## Prompt:
Copy exactly the lines of the material below that fall between the line with "At 10 PM tonight, Pegula will face Paolini." and the line with "Determined to have", both of those lines included; pictures stay out.
***** Data to process
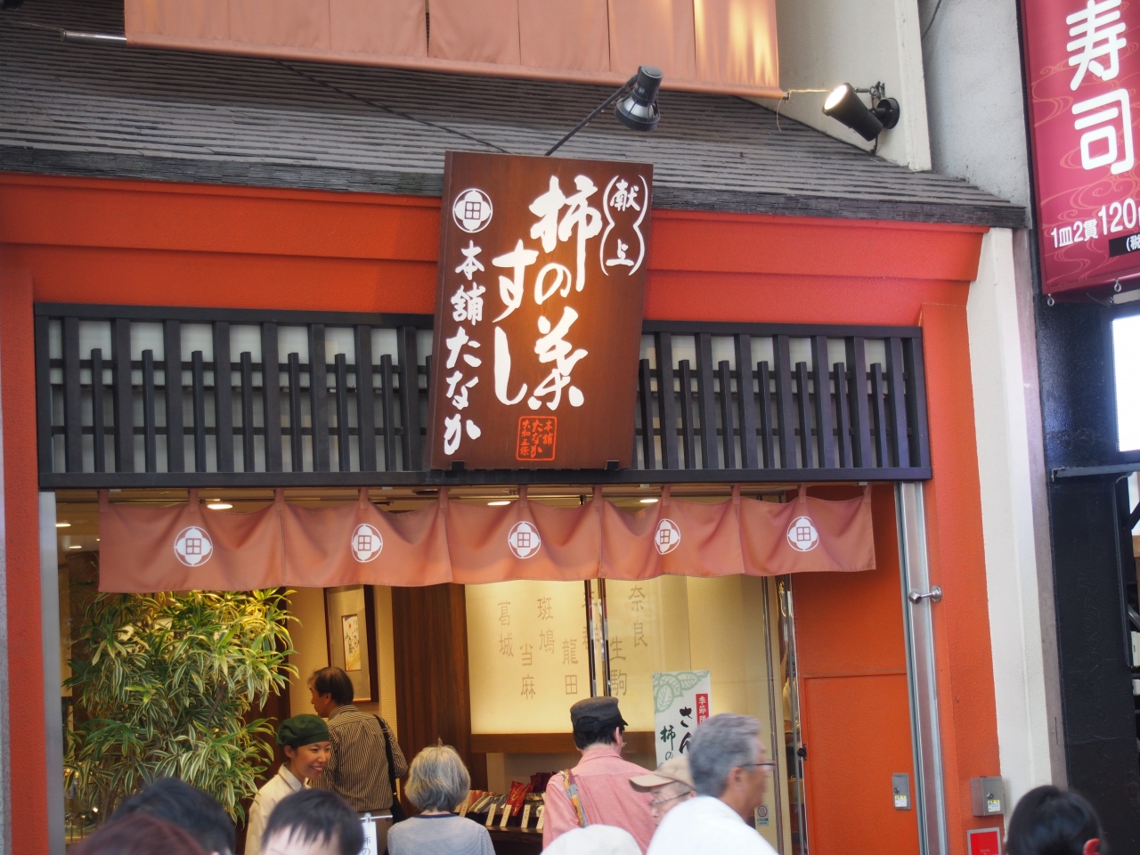 奈良の名物グルメである柿の葉寿司の店です。柿の葉寿司のたなかの店は奈良市内にはいくつかの店舗があるようです。観光後の帰りに近鉄奈良駅のすぐの東向商店街(アーケード)にある店に立ち寄りました。こちらがたなかの本店のようです。すしに使われる魚は鯖、鮭、アナゴなどいくつか種類があります。店の奥の方ではイートインスペースがありました。
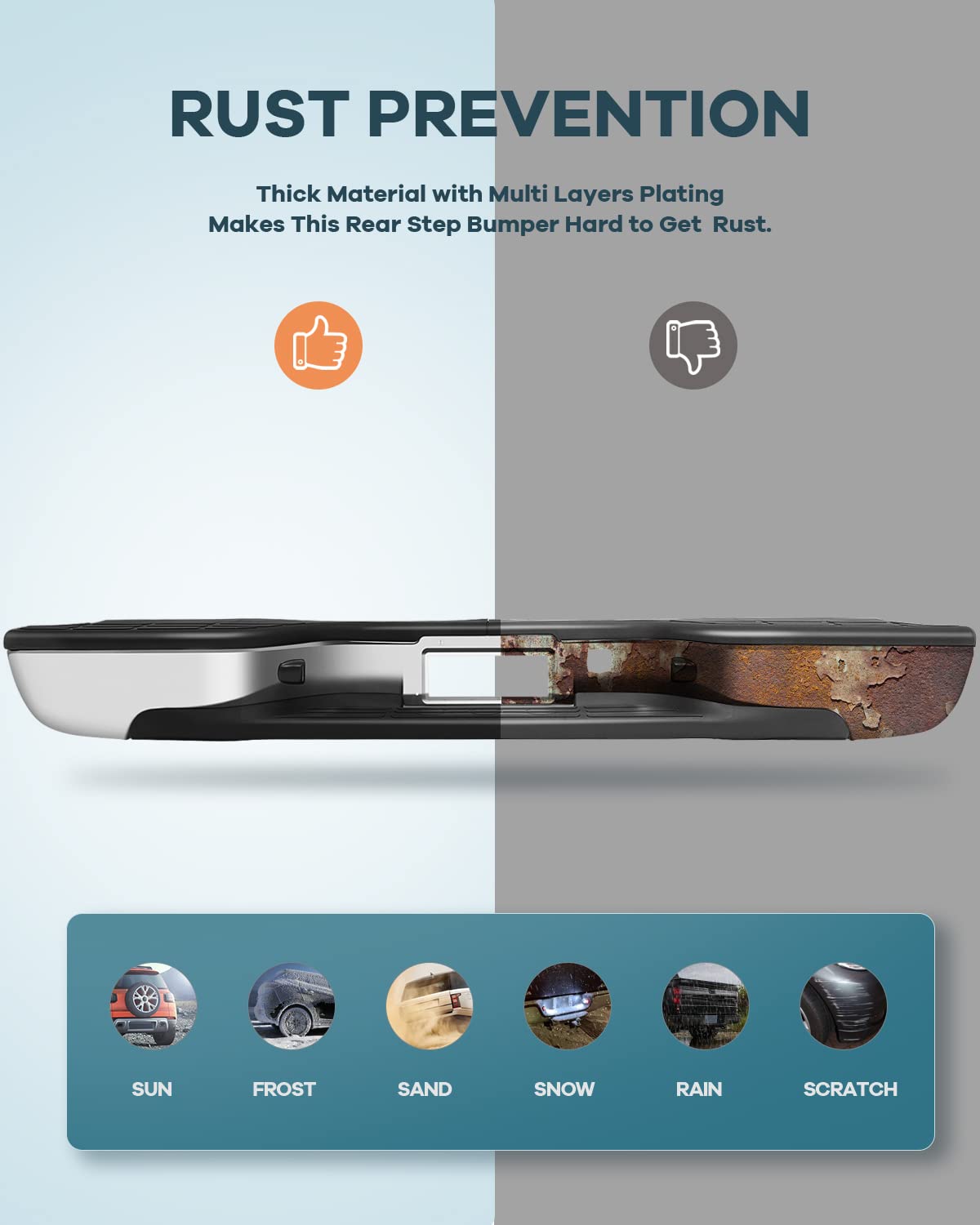 Q: Is the installation of the rear step bumper easy?A: Yes, the rear step bumper features a bolt-on installation design, which means it can be easily mounted without any drilling or modifications required.
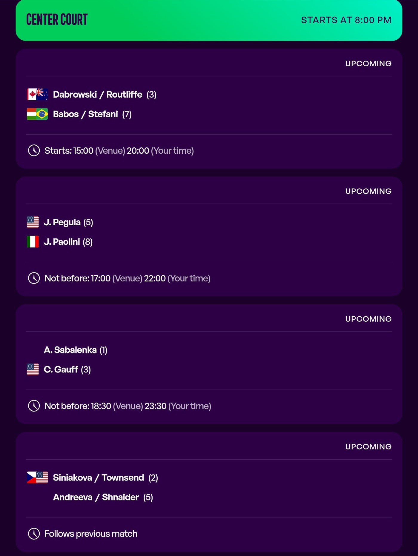 At 10 PM tonight, Pegula will face Paolini.
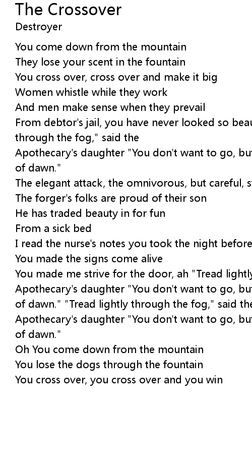 Apothecary's daughter "You don't want to go, but you gotta, into the half-light of dawn." "Tread lightly through the fog," said the |
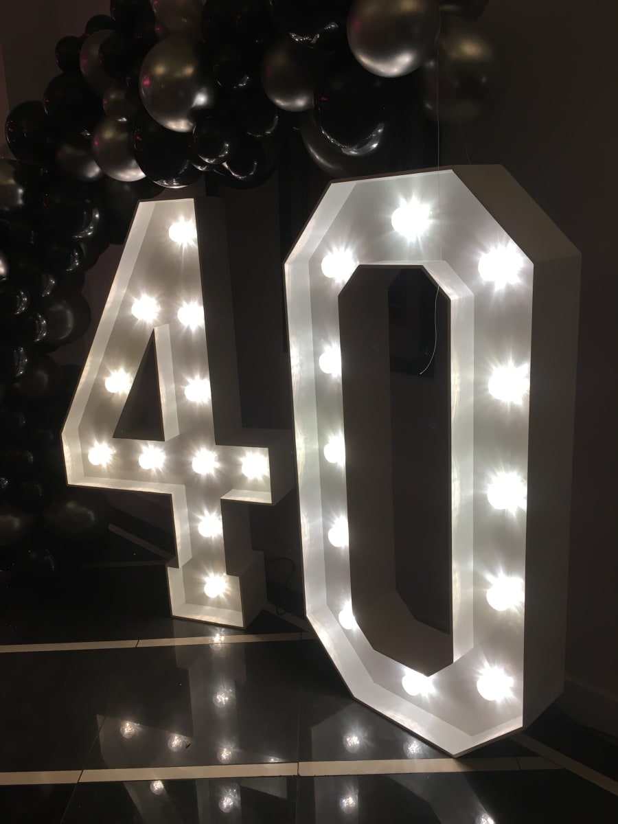 Determined to have a party to stave off mid-life crisis? Don't fold into buying a motorbike! Instead, keep the party animal alive with our #40 Numbers! Using LED bulbs & regular PAT testing, you will benefit from safe, highly efficient, low-power consumption. Whilst providing a powerful yet soft white light, which will brighten up the corner of a room with great effect. These professionally made numbers look fantastic, provide great room decor and are a brilliant photo prop to complement your event space!
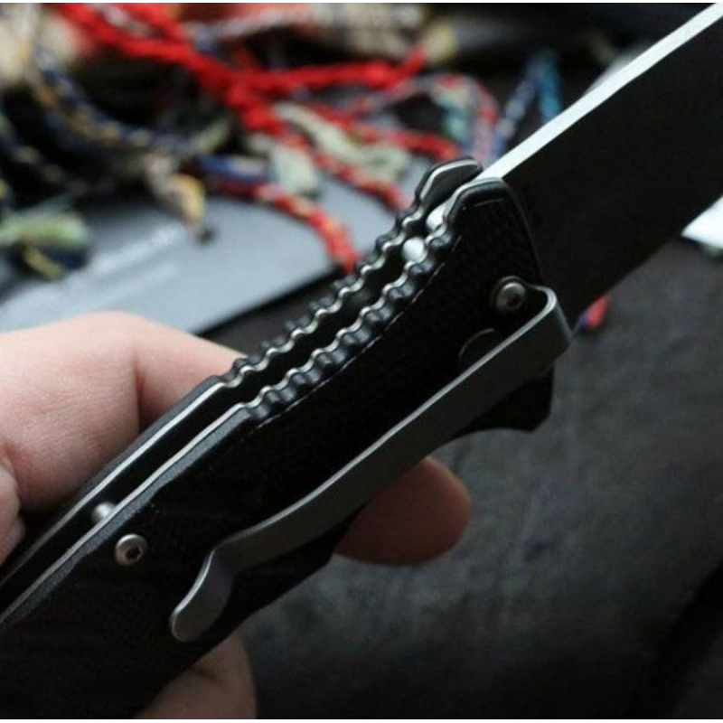 Главной особенностью ножа является пружинный механизм автоматического открытия. Достаточно нажать кнопку — и клинок мгновенно приводится в рабочее положение за счет натяжения пружины. При этом закрытый нож дополнительно защищен скользящим предохранителем, который предотвращает случайное раскрытие при ношении в кармане или на снаряжении.
**********
## Exercise solution:
 At 10 PM tonight, Pegula will face Paolini.
 Apothecary's daughter "You don't want to go, but you gotta, into the half-light of dawn." "Tread lightly through the fog," said the |
 Determined to have a party to stave off mid-life crisis? Don't fold into buying a motorbike! Instead, keep the party animal alive with our #40 Numbers! Using LED bulbs & regular PAT testing, you will benefit from safe, highly efficient, low-power consumption. Whilst providing a powerful yet soft white light, which will brighten up the corner of a room with great effect. These professionally made numbers look fantastic, provide great room decor and are a brilliant photo prop to complement your event space!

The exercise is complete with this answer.